De ware aard van de Europese Unie wordt duidelijker en duidelijker voor de arbeiders van Europa, zoals blijkt uit de Europese verkiezingen. Aanvankelijk aanvaardde een deel van de arbeidersklasse dat ze een aantal opofferingen moesten maken. Dit werd vergemakkelijkt door de vakbondsleiding, die dit idee aanvaardde en het verkocht aan de arbeiders met de belofte dat met de euro “alles beter zou zijn”. (lees ook het artikel Het debacle van de Europese grondwet: de ware aard van de Europese Unie wordt duidelijkHet debacle van de Europese grondwet: de ware aard van de Europese Unie wordt duidelijk) Amper een paar jaar geleden was er ten minste in een aantal EU-landen een zeker enthousiasme voor de euro. Men had een ‘sterkere economie’ beloofd. Maar voor de bazen betekende dit iets volledig anders dan wat werkende mensen verwachten van deze term.

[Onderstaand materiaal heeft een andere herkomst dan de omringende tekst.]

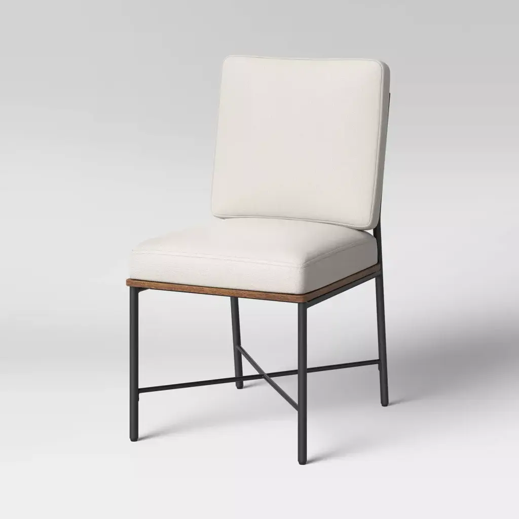 Boost your home's style with the Parkton Mixed Material Dining Chair from Threshold™. This beautiful chair features a mixed material design of a dark wood tone with a black metal frame. The combination is both bold and eye-catching, yet the neutral colored upholstery makes it easy to match this piece of furniture with whatever aesthetic you prefer. Wide square legs with crisscross rods at the bottom provide comfort and an interesting visual detail. This dining chair is perfect for giving your home an upgraded look of elegant luxury and timeless style.

Uiteindelijk werd de euro een realiteit. Miljoenen mensen uit heel Europa gebruiken nu dezelfde munt. Maar de droom mondt uit in een nachtmerrie. In vele landen zijn de prijzen de hoogte ingeschoten. Waar men ook gaat, overal klagen werkende mensen over de stijgende kosten voor het levensonderhoud. De officiële statistieken proberen dit te ontkennen. Indien men kijkt naar de officiële inflatiecijfers, lijkt het erop dat we allemaal hallucineren. De officiële cijfers zeggen dat de inflatie laag is, maar de algemene perceptie van de massa’s is dat ze de eindjes niet aan elkaar kunnen knopen. Zoals de oude uitdrukking luidt, “er zijn leugens, verdomde leugens en statistieken...”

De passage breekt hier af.